Data Cleansing

Data Cleansing

As part of the Data Transformation, Data Consolidation and Excel Consolidation processes, we are involved in activities related with Data Cleansing. Data cleansing follows the data extraction process.

Why is data dirty?

Data could be dirty because of the following reasons:

·        Incomplete data set: say if the completion date for a project has not been filled up.
·        Noisy: say I have a numeric value instead of a date entry.
·        Inconsistent: if the calculations do not match up with the other input data sets.

Why is it important to handle the issue of dirty data?

Handling dirty data is important because poor data set could result in wrong decisions by the senior managers.

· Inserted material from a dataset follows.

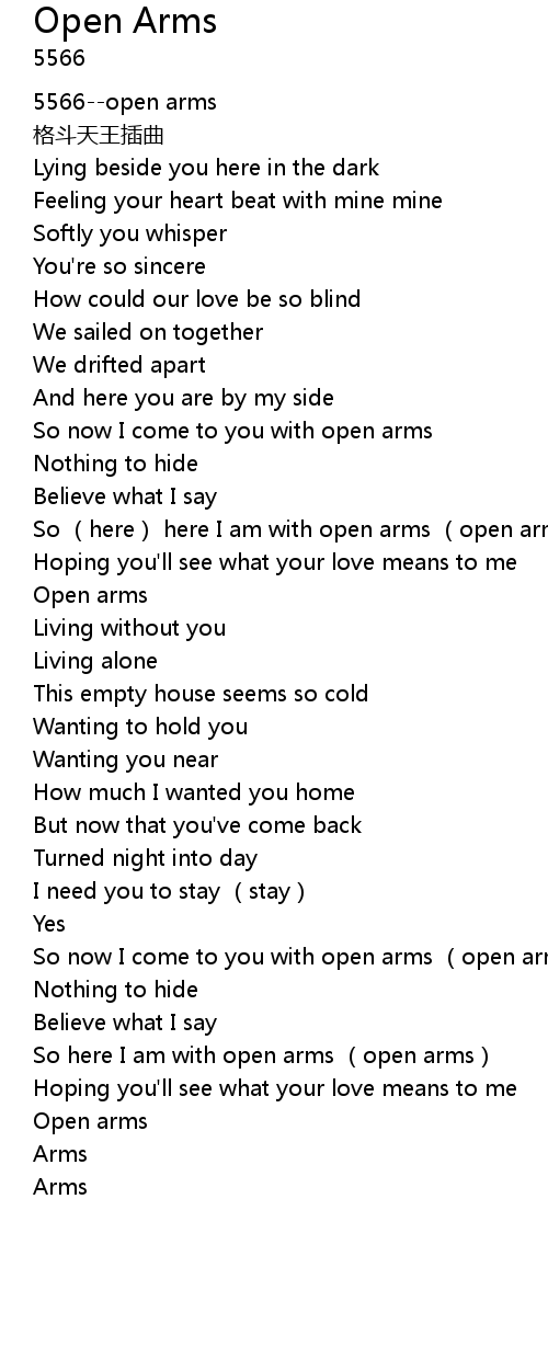 | [00:03.10] | 5566--open arms |

How do we cleanse the data sets?

We adopt multiple methods of cleansing the data sets. Some of the approaches are as follows:

·        Handling missing data: for solving this problem, we could adopt the following approaches:
o   Ignore those values
o   Put in a default value. This default value could be a mean, most probable value or a constant.
o   Handle each entry manually.
·        Handling noisy data: we solve issues resulting from the same using Data binning and Data clustering(remove outliers)

Data cleansing methodology adopted by Turbodata: Turbodata does data cleansing at staging layer as given in the diagram in the 'Data Consolidation' page. The ETL team uses SQL/C#/.Net methodology for data cleansing whereby the process removes unwanted characters before the process of normalization and data transformation begins.